Al momento, va comunque rammentato che l’unico obbligo d’integrazione elettronica per assolvere l’imposta riguarda l’acquisto di beni da San Marino documentati da e-fattura sammarinese (articolo 8, Dm 21 giugno 2021) per il quale va inviato un TD19. Peraltro, continueranno ad arrivare fatture di carta da quello Stato. Per i servizi ad esempio (salvo diversa scelta del fornitore) o quando il fornitore è un forfettario sammarinese (ricavi inferiore a 100 mila euro). Allo stesso modo, i forfettari nazionali “sotto soglia” continueranno a essere esonerati dall’e-fattura (e conseguentemente dall’esterometro) per tutte le operazioni, comprese le cessioni a San Marino, fino a tutto il 2023.

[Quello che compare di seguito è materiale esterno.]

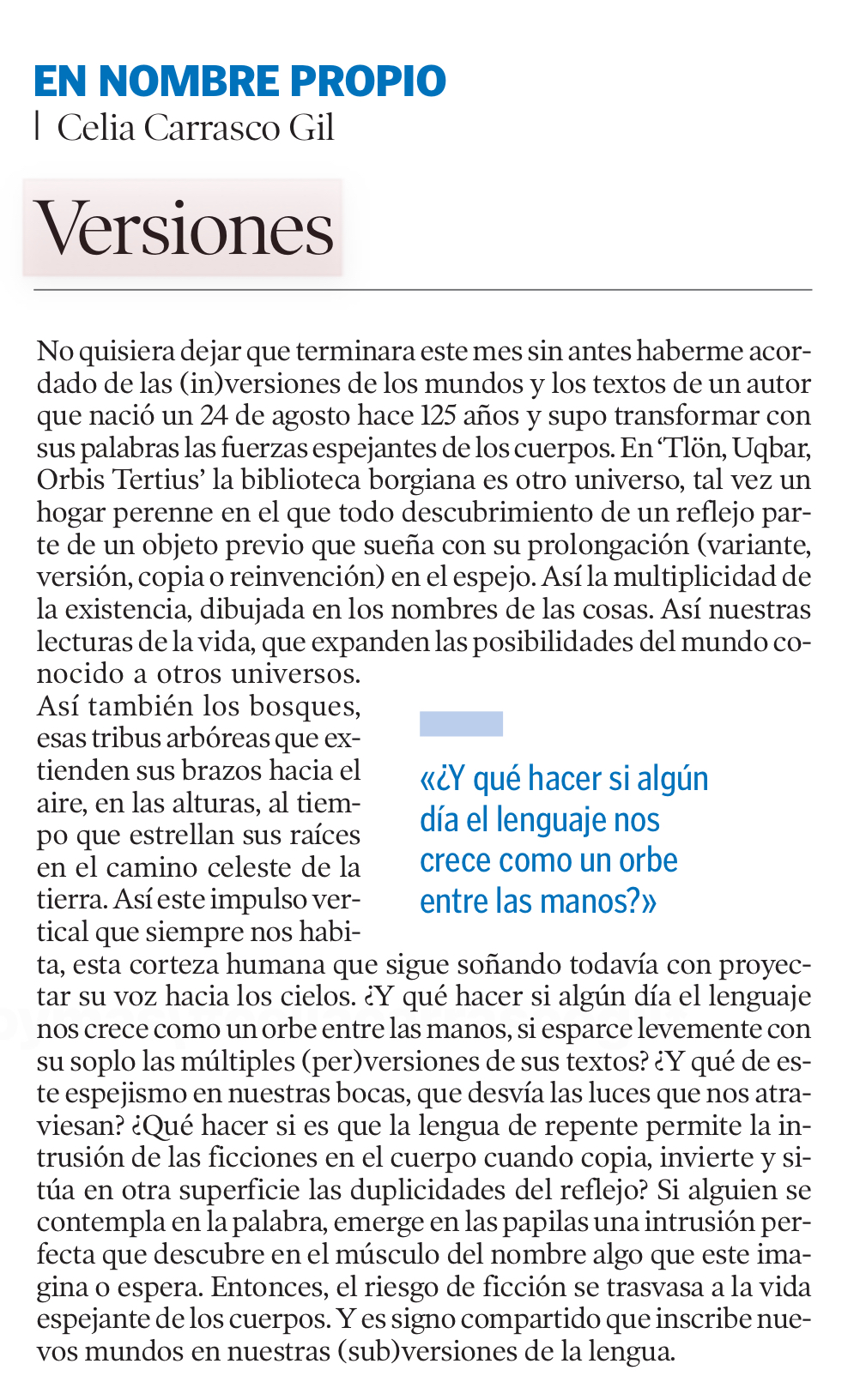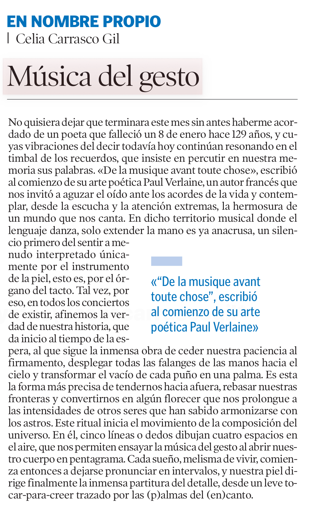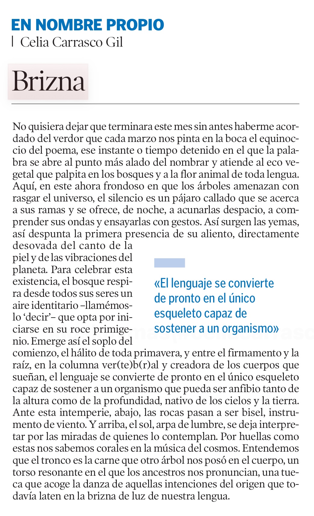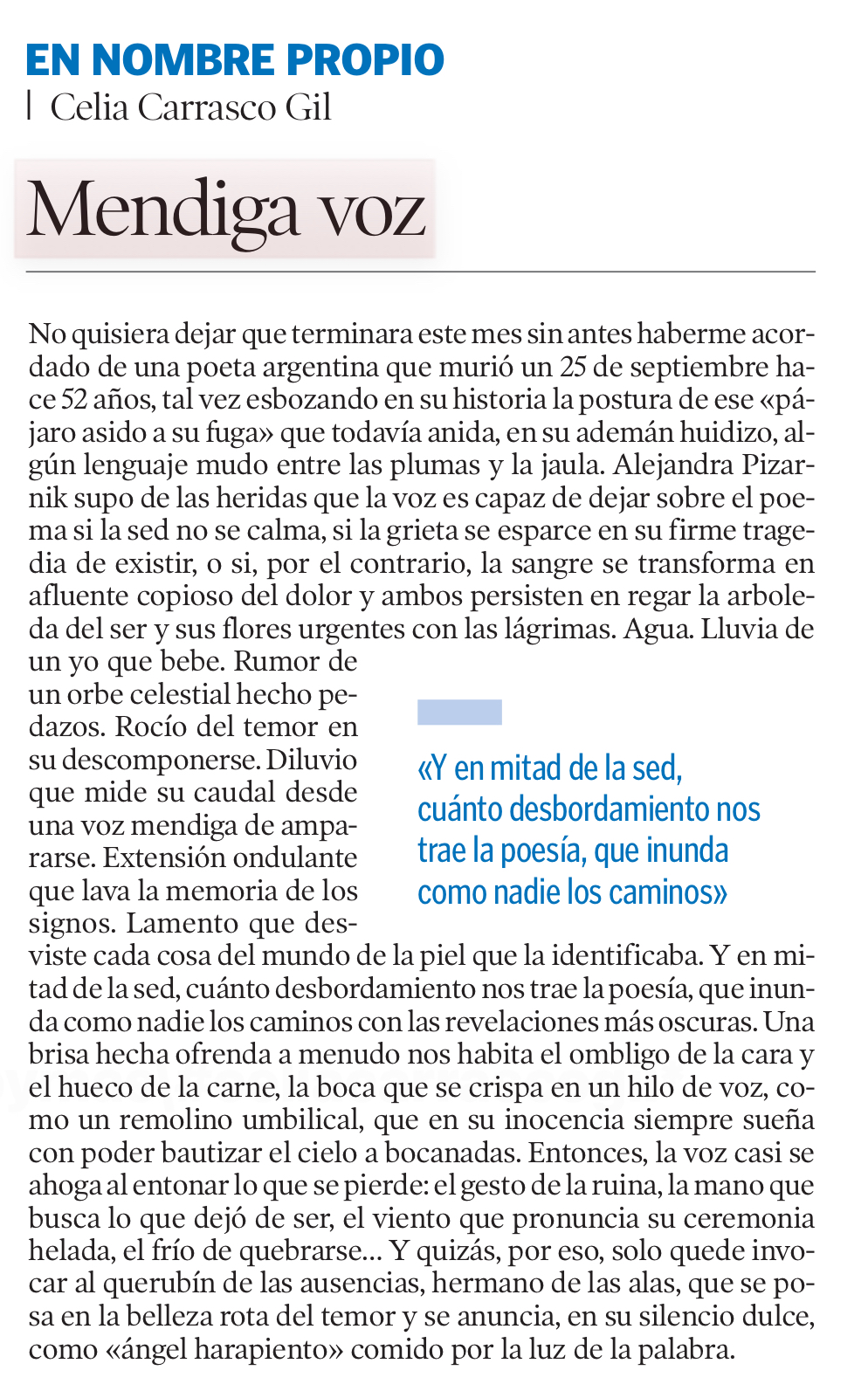 Celia Carrasco Gil, «La distancia y la cercanía o la multiplicidad de las voces», Heraldo de Aragón, Artes & Letras, 722, p. 3.

Permane l’obbligo comunicativo per gli acquisti di beni/servizi all’estero fuori campo Iva (risposta 85/2019), per i quali va trasmesso il documento TD17 (servizi) e TD19 (beni) con natura dell’operazione N2.2 (il Dl Semplificazioni approvato dal Governo porta l’esonero per gli acquisti non superiori a 5mila euro).
Chi ha aderito al regime Oss non dovrebbe invece fare l’esterometro, a meno che non decida volontariamente di emettere fattura non imponibile Iva per beneficiare del plafond degli esportatori abituali o per accedere al rimborso trimestrale (risposta 802/2021). In tal caso, va fatto l’esterometro e la fattura sarà inviata con codice natura N3.2 (confluendo nella lipe e in dichiarazione annuale), mentre l’imposta estera potrà confluire in campi “non sensibili” del formato Xml. Non dovrebbe tuttavia essere impedito l’utilizzo del codice N7 (che parrebbe il più adeguato), ma verosimilmente solo se la fattura emessa facoltativamente non serve ai menzionati scopi (plafond/rimborso infrannuale).
Il codice N3.2 dovrebbe servire anche per le cessioni intraUe “assimilate” per invio di beni in altri Stati membri per esigenze dell’impresa. Qui, l’obbligo dell’e-fattura dovrebbe derivare dal fatto che il cessionario “assimilato” è pur sempre nazionale, benché dotato di partita Iva nel Paese Ue dove i beni sono trasferiti. Per la successiva “vera” vendita in loco (B2B) si potrebbe invece utilizzare fattura analogica con dicitura “inversione contabile” se in quello Stato è previsto il reverse charge (va però fatto l’esterometro).